• MATERIAL PROVIDED:
[Start of section]

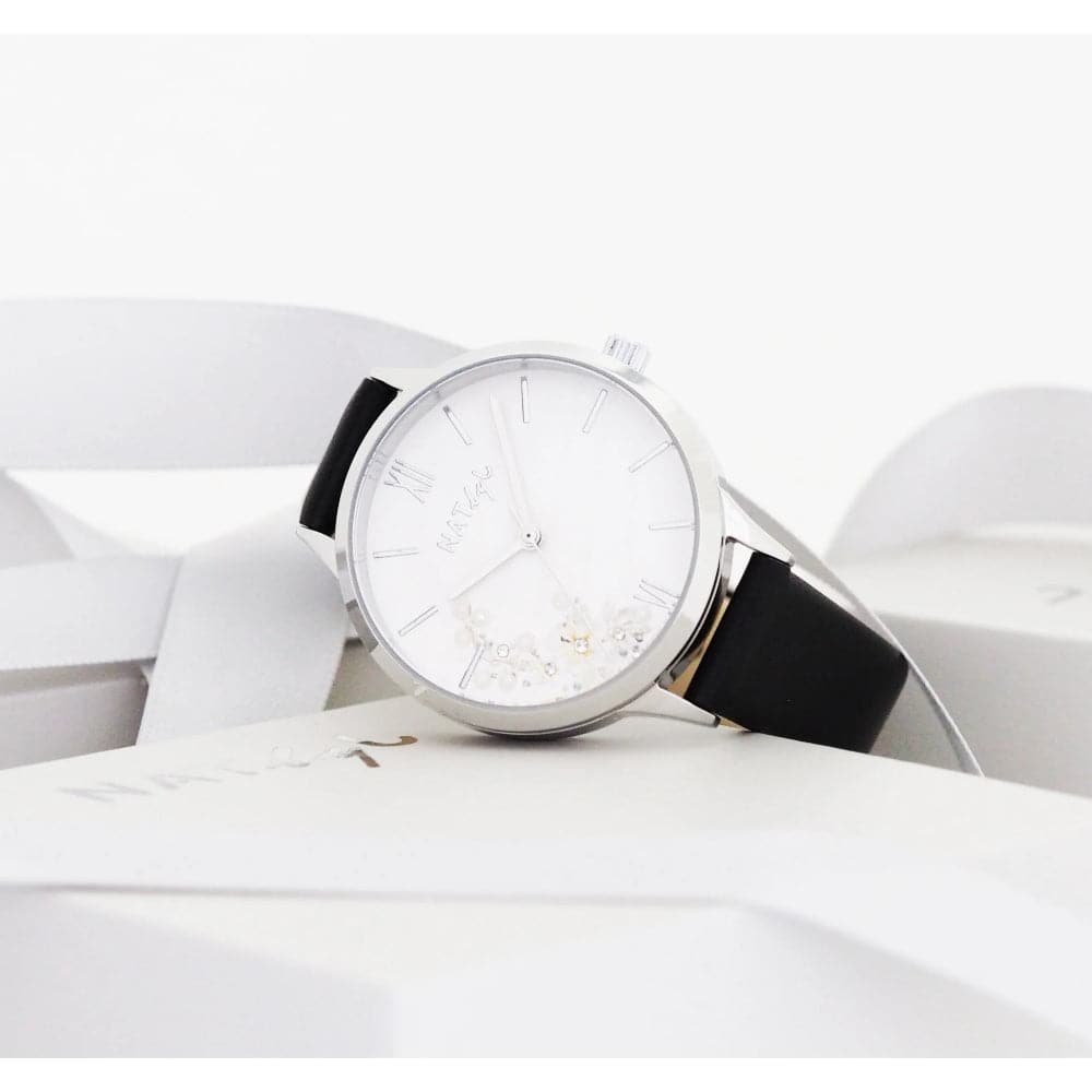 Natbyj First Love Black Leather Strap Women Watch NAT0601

[End of section]
[Start of section]

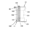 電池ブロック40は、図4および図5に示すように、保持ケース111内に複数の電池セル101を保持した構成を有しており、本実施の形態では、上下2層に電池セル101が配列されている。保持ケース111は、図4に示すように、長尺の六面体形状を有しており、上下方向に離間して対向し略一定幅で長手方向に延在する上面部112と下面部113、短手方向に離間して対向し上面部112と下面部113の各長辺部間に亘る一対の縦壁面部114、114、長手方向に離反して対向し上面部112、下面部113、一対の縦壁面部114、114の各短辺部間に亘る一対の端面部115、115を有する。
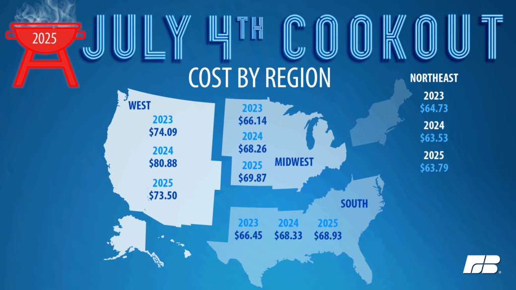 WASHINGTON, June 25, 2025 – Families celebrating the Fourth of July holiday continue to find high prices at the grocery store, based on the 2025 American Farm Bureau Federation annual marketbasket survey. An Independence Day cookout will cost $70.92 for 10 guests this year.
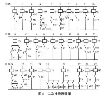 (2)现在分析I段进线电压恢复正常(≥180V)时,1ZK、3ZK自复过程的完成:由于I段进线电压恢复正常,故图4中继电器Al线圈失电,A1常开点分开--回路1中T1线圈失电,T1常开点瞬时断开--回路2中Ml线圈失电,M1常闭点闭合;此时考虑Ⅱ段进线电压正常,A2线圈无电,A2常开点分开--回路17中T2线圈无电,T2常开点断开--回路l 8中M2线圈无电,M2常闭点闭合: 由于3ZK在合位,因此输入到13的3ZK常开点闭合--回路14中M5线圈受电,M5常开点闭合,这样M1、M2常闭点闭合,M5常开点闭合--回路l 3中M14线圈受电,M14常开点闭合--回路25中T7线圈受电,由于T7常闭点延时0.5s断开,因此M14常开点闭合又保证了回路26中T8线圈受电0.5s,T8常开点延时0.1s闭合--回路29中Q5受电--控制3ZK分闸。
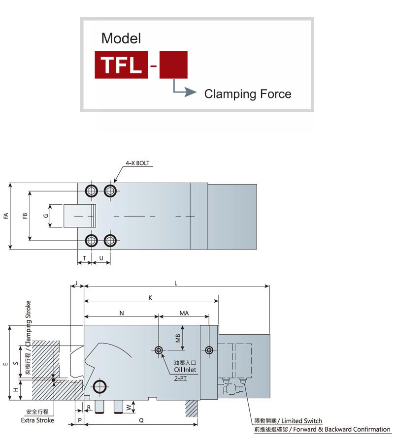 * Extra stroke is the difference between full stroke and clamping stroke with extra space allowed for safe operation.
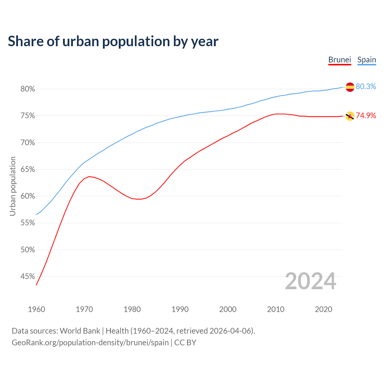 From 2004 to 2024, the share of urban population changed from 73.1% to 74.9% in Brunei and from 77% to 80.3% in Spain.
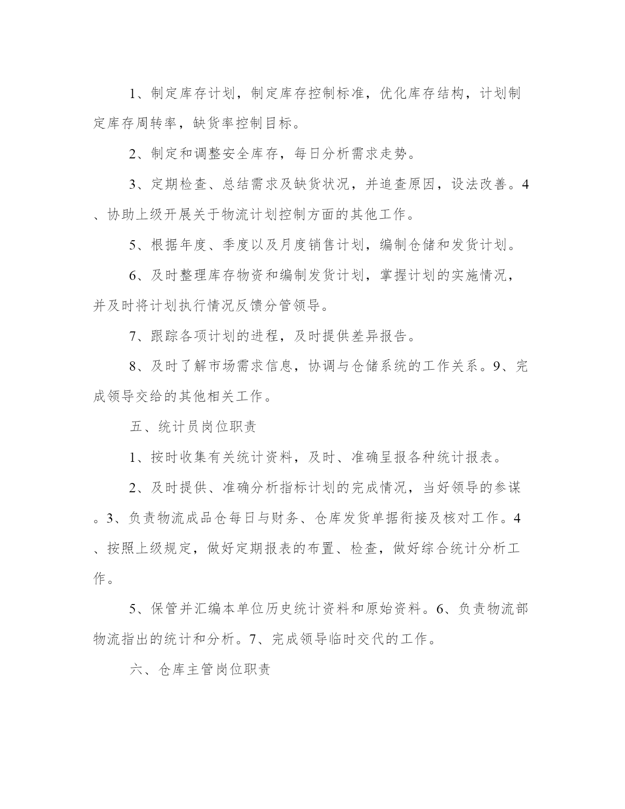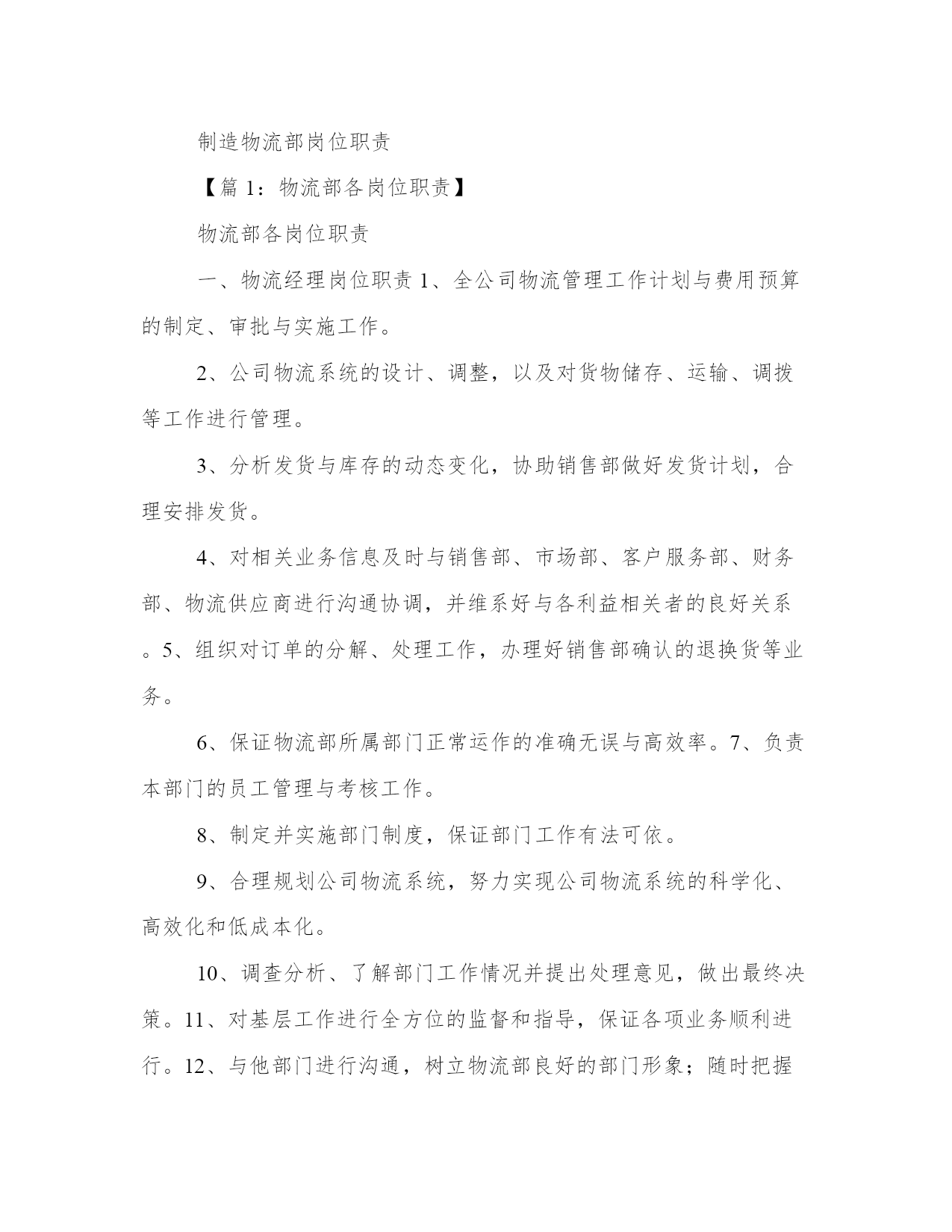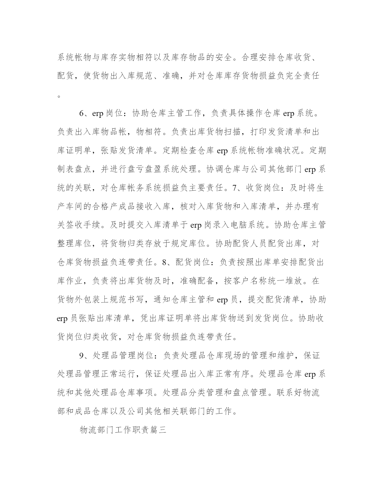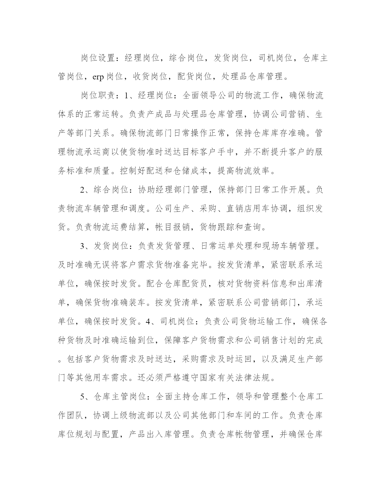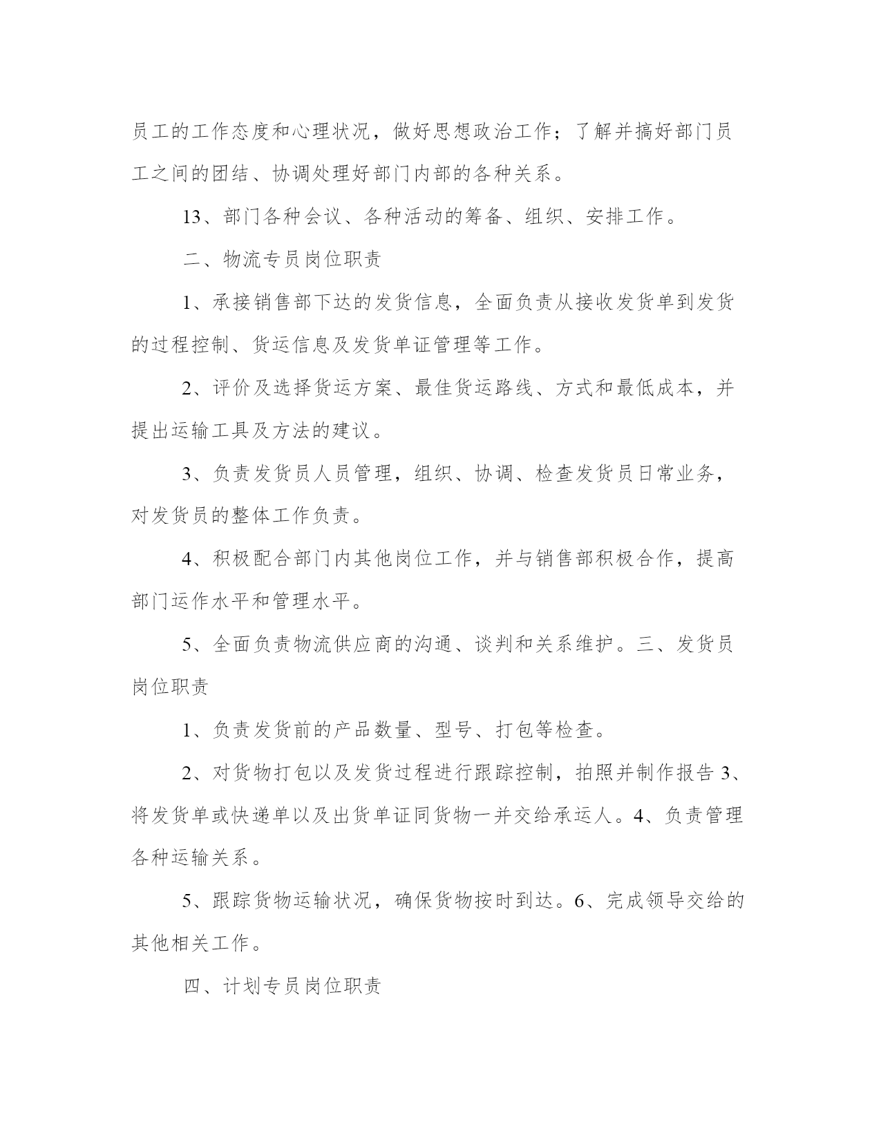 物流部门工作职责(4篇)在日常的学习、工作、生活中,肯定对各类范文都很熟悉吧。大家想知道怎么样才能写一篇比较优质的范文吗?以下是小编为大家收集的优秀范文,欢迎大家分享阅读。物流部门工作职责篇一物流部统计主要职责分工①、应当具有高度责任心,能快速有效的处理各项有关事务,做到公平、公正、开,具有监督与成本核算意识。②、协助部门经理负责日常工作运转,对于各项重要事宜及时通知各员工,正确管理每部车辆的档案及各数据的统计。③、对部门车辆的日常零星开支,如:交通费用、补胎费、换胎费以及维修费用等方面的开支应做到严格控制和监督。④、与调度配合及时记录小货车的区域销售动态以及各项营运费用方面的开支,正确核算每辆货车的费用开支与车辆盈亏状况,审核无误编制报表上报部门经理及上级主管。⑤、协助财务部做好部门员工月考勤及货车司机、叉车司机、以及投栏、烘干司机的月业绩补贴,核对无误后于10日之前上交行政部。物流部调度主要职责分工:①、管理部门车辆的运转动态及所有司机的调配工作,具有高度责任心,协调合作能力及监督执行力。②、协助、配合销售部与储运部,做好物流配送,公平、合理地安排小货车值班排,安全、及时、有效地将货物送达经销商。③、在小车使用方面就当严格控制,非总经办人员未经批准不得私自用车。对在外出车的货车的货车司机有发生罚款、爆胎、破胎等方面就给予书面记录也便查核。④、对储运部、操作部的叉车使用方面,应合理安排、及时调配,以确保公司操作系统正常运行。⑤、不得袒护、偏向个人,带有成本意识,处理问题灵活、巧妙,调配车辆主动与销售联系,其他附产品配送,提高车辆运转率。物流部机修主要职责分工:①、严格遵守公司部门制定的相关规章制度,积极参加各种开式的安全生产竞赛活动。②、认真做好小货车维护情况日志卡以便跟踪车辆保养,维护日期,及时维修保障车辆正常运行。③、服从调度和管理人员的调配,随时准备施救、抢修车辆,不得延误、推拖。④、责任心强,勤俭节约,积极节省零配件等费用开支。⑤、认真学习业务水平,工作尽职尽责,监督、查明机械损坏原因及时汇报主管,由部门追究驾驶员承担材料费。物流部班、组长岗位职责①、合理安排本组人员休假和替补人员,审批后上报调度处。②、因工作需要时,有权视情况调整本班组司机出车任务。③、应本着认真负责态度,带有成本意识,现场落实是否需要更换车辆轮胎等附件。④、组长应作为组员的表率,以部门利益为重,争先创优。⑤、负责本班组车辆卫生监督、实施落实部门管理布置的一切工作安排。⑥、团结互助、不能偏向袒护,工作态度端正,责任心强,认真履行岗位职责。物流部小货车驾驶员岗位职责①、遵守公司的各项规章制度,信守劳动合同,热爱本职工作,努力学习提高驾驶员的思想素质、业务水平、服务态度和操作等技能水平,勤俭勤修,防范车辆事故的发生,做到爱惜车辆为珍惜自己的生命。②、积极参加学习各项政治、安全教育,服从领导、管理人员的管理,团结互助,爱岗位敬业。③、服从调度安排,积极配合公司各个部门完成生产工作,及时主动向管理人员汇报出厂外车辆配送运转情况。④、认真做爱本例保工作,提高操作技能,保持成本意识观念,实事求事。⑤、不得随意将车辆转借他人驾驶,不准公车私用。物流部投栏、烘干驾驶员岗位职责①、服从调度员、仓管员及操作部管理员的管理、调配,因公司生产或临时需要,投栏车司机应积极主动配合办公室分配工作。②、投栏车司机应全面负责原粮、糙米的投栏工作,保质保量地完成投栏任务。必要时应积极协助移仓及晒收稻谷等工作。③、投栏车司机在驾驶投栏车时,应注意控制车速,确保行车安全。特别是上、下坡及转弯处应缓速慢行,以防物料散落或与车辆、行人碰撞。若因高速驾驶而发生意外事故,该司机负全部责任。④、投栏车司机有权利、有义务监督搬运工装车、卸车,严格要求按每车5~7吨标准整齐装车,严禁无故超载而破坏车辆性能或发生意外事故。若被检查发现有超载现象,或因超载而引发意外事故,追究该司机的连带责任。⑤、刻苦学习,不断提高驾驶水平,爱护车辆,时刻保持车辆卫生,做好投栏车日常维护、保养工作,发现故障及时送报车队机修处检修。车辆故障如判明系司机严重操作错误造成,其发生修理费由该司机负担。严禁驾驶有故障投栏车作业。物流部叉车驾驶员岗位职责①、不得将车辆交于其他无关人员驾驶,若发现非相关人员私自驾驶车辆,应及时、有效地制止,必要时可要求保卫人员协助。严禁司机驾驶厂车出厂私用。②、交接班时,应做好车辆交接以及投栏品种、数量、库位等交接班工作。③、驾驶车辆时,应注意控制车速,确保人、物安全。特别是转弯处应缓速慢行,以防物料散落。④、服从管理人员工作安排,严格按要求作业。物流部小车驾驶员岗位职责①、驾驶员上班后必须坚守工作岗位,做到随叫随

[End of section]
[Start of section]

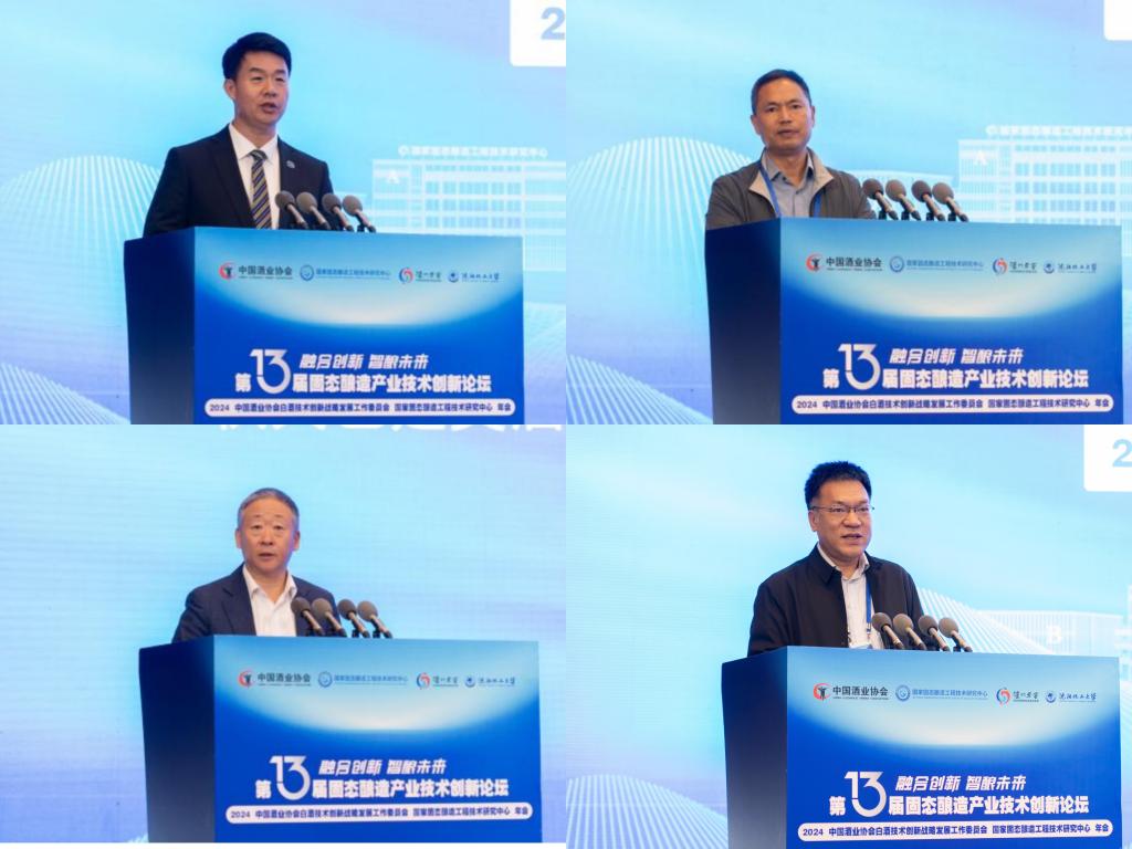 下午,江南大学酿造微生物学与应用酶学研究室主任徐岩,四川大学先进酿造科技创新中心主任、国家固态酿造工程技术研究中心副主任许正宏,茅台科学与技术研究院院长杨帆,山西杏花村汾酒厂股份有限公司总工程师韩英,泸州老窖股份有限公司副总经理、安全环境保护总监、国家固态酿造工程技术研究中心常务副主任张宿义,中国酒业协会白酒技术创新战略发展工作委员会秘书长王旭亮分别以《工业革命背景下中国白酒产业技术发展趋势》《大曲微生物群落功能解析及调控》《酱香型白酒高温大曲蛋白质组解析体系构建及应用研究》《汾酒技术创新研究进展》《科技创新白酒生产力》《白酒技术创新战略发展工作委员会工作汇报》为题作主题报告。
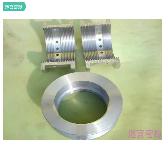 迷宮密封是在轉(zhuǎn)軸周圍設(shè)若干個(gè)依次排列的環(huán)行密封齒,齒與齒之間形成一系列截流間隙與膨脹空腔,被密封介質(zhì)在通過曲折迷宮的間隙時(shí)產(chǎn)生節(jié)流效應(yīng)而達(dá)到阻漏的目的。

[End of section]

• TASK INSTRUCTIONS:
From the listing above, restate verbatim the lines running from the one with "下午,江南大学酿造微生物学与" through the one with "迷宮密封是在轉(zhuǎn)", inclusive, but not the pictures.

• RESPONSE TO THIS EXERCISE:
 下午,江南大学酿造微生物学与应用酶学研究室主任徐岩,四川大学先进酿造科技创新中心主任、国家固态酿造工程技术研究中心副主任许正宏,茅台科学与技术研究院院长杨帆,山西杏花村汾酒厂股份有限公司总工程师韩英,泸州老窖股份有限公司副总经理、安全环境保护总监、国家固态酿造工程技术研究中心常务副主任张宿义,中国酒业协会白酒技术创新战略发展工作委员会秘书长王旭亮分别以《工业革命背景下中国白酒产业技术发展趋势》《大曲微生物群落功能解析及调控》《酱香型白酒高温大曲蛋白质组解析体系构建及应用研究》《汾酒技术创新研究进展》《科技创新白酒生产力》《白酒技术创新战略发展工作委员会工作汇报》为题作主题报告。
 迷宮密封是在轉(zhuǎn)軸周圍設(shè)若干個(gè)依次排列的環(huán)行密封齒,齒與齒之間形成一系列截流間隙與膨脹空腔,被密封介質(zhì)在通過曲折迷宮的間隙時(shí)產(chǎn)生節(jié)流效應(yīng)而達(dá)到阻漏的目的。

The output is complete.